Repeat nothing but the lines below running from the one containing "18x17cm Inima din" to the one containing "Модель Лера, ее". Keep both end lines.

» Data extract:
══════════
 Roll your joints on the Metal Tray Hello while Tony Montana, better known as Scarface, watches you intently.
══════════
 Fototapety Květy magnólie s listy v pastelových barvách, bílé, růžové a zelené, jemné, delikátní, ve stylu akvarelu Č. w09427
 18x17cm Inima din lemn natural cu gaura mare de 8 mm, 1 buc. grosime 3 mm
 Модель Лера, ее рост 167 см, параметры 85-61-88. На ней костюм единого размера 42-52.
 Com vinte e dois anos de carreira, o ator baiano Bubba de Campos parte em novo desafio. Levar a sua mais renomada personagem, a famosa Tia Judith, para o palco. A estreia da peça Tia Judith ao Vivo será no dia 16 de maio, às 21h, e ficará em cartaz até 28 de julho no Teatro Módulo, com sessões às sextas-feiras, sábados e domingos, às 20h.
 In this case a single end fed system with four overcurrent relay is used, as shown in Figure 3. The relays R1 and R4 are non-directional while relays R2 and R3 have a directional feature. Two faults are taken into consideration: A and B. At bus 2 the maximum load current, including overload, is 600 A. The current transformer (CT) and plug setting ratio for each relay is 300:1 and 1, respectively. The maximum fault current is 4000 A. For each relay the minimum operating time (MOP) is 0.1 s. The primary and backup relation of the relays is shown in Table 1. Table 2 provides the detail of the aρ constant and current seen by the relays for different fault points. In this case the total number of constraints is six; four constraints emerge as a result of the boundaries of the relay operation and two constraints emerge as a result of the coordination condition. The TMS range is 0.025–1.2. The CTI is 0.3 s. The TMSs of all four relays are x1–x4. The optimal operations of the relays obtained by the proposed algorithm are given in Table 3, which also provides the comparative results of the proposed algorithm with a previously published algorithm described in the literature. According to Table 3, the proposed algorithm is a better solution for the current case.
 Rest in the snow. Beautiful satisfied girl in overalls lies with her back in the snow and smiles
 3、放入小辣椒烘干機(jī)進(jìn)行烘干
══════════
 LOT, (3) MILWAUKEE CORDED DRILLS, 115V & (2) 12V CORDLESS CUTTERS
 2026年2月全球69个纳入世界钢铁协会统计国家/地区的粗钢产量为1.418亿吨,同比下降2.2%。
══════════
» Response to the exercise:
 18x17cm Inima din lemn natural cu gaura mare de 8 mm, 1 buc. grosime 3 mm
 Модель Лера, ее рост 167 см, параметры 85-61-88. На ней костюм единого размера 42-52.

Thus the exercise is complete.